The surface wettability of nanofibrous scaffolds is a crucial property that can affect cell behavior. As seen in Appendix 2 in Supplementary File, the scaffold crosslinked with GA/methanol indicated notably higher contact angles compared to the non-crosslinked scaffold. This result indicated that the imperfect hydrophobic nature of non-crosslinked PVA/GE that causes problems for use in aqueous media was improved by crosslinking. Also, the obtained results demonstrated that swelling property, degradation behavior, and pH changes of the crosslinked scaffold were appropriate for the tissue engineering application. The hydrophobic properties of the scaffold and dissolution rate of oligomers affected the swollen behavior of scaffold, which was related to the balance between the degradation rate of oligomers in the solution and the water uptake by nanofibers (28). From the MTT results, it became clear that the non-toxic property of the crosslinked scaffold provides good hUC-MSCs attachment. Due to the presence of numerous polar groups in PVA and gelatin structures, they are known as hydrophilic polymers. Therefore, scaffolds containing PVA/GE can be destroyed and dissolved easily in aqueous solutions (such as PBS).
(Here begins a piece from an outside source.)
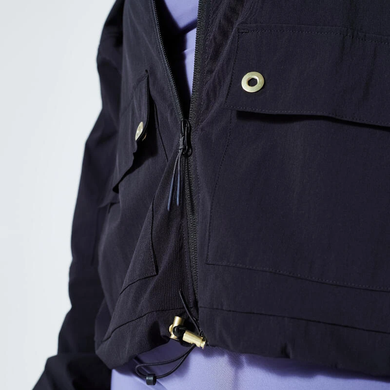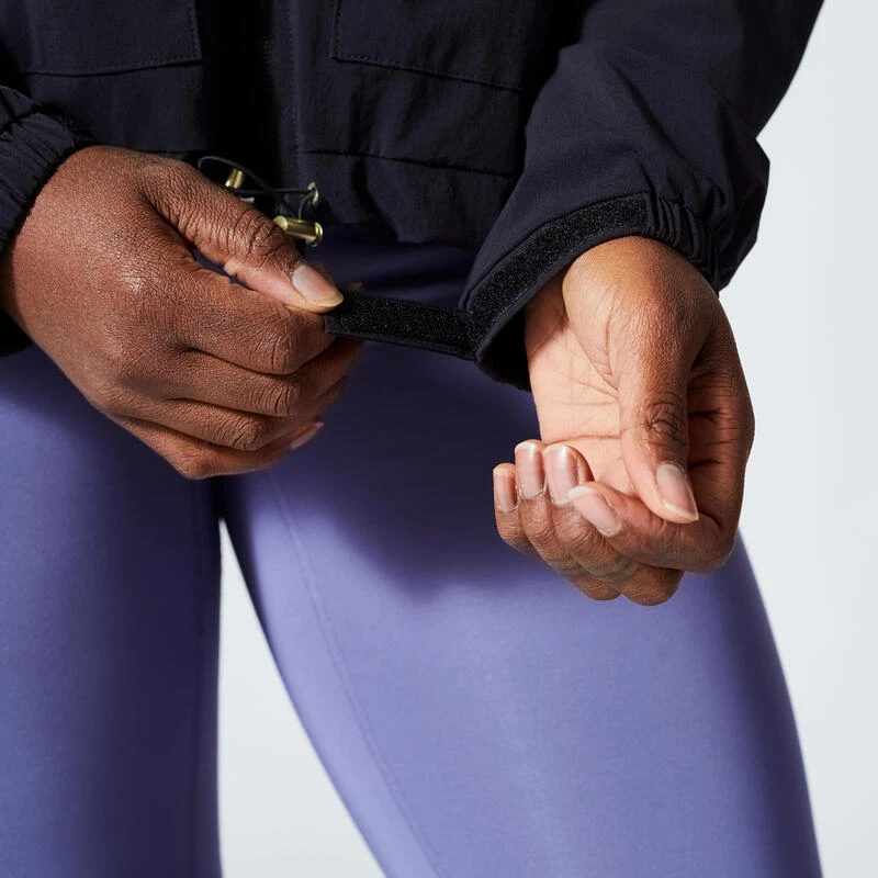 Compra en Decathlon Chaqueta Fitness Negro Amplia Capucha Una chaqueta con capucha muy ligera con un corte holgado y corto, para usar antes o después de la práctica, o incluso todos los días.

However, crosslinking leads to the formation of a 3D network of polymers, which can provide a stable environment for the adhesion and proliferation of seeded cells. SEM images indicated that uniform structure of electrospun scaffold provided a suitable environment for cell proliferation and differentiation. As shown by SEM images, the introduced PVA/GE nanofibrous electrospun scaffold had excellent performance for supporting the osteogenic differentiation of hUC-MSCs into osteoblast-like cells.
5.1. Conclusions
A PVA/GE nanocomposite scaffold was successfully prepared by the electrospinning technique. Chemical crosslinking by GA and GA/methanol immersion was utilized to change scaffold solubility. This treatment influenced the morphology and solubility of the scaffold. Assay results revealed that scaffolds have an excellent swelling rate, degradation behavior, and pH changes. The in vitro cell culture studies using Wharton’s jelly-derived MSCs showed that nanofibrous scaffolds were biocompatible, and cells seeded on the scaffolds adhered to and proliferated on pore walls. Also, under osteogenic conditions, MSCs could be differentiated into osteoblast cells. These results show the potential application of PVA/GE nanocomposites in bone tissue engineering.